The “Student Success” bill was passed by the state legislature and, gleefully, signed by Governor Scott with Michelle Rhee probably by his side.

Below is a description by a Parents Across America-Florida member about what has happened in the last three weeks.

We’ve been playing whack-a-mole in Seattle and in Olympia with much of this coming up during the legislative session as well as through pressure applied by Gates, the PTA (of all organizations), the Alliance for Education and the League of Education Voters locally on our school board members, the mayor and I am sure our interim superintendent, to approve much of what was passed in Florida.

Let’s make sure that this does not happen in our state and even though Governor Gregoire did catch some of the Arne Duncan/Race to the Top flu, a Republican governor would be far worse. Race to the Top funding promises a relatively small amount of money at a very high price.

The comments in italics are mine.

Dora

Recent legislation (Senate Bill 736) passed by the Florida Legislature
strips control from local School Boards in a number of areas (so much for the democratic process) yet it simultaneously puts the burden of squeezing taxpayers for the money needed for the moneyless merit pay program they just
enacted (thanks to the billionaire boys club that doesn’t want to spend money on their own whacky ideas) along with money required to develop 1,000 new tests for every subject taught.

Additionally, the financial burden of implementing Race to the Top
initiatives are so oppressive that many Districts face massive layoffs
just to comply with the RttT mandates.  The total amount required
to launch these initiatives is estimated to be at least 12 times more than
what was received–conservatively!  Most Florida Districts do not have
the technology structure, the personnel, the resources in place to accommodate
RttT demands.  Keep in mind, too, that RttT monies vanish in 24-36 months
depending upon which DOE document you choose to believe.

Senate Bill 736 ENACTED:

1)  Teachers will have 50% of their evaluations based on student’s nationalized test scores.
This is effective immediately and impacts every teacher.  Anyone who does not teach Reading or Math will receive a score based upon a calculation of all the teachers.  So, to be clear,  teacher’s salaries, their ability to be re-hired for one more year, their colleagues’ jobs and the opening or closing of your school itself all fall on the shoulders of that child taking that one test, that one day.

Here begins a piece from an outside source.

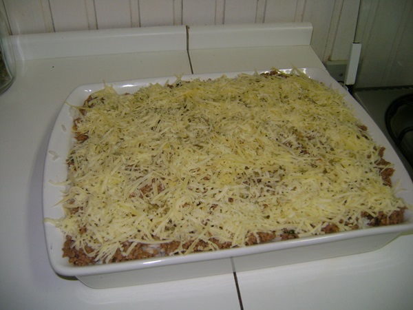 Coloque outra camada de arroz e em seguida de carne novamente, finalize com o queijo ralado grosso, leve ao forno preaquecido por 20 minutos

How’s that

2)  This Merit Pay Bill was a moneyless bill.
Legislature admitted they have no money to fund the merit pay.
(Yet they still claim they are ‘rewarding effective teachers!’)

3)  New standardized tests will be created for every course taught- bill
states 1,000 new tests to be created.
Important to note:  The State does not fund the creation of these new tests.  Each new test is estimated to be between $1M – $1.5M. Taxpayers will
be burdened with this mandate.

4)  All new teachers, hired after July, will be placed on a one-year contract which must be renewed annually.
Teachers must earn the right to be re-hired every year.  This goes for seasoned, veteran teachers who move from one FL District to another FL District as well.  They will fall under this rule.

5)  In 2014, all Florida teachers will have two choices.  Lethal injection or firing squad (couldn’t resist!).
All FL teachers must choose either to:
A) stay with their current contracts and accept the high probability of never receiving another raise again; or,
B) opt to go on the one year contract which must be renewed every year contract. How’s that for job security?

6)  Effective July, teachers will no longer be paid at a higher rate for a Masters Degree
even if it is earned in the subject they teach. (Education, schemeducation)

7)  Effective July, teacher seniority is eliminated.
This will be important when layoffs occur. No more Last In, First Out with layoffs.  Soon, we’ll have armies of underpaid newbies driven by data in order to retain their underpaid job. (Teach for America, five weeks training and cheap labor cost. What else could a parent ask for?!)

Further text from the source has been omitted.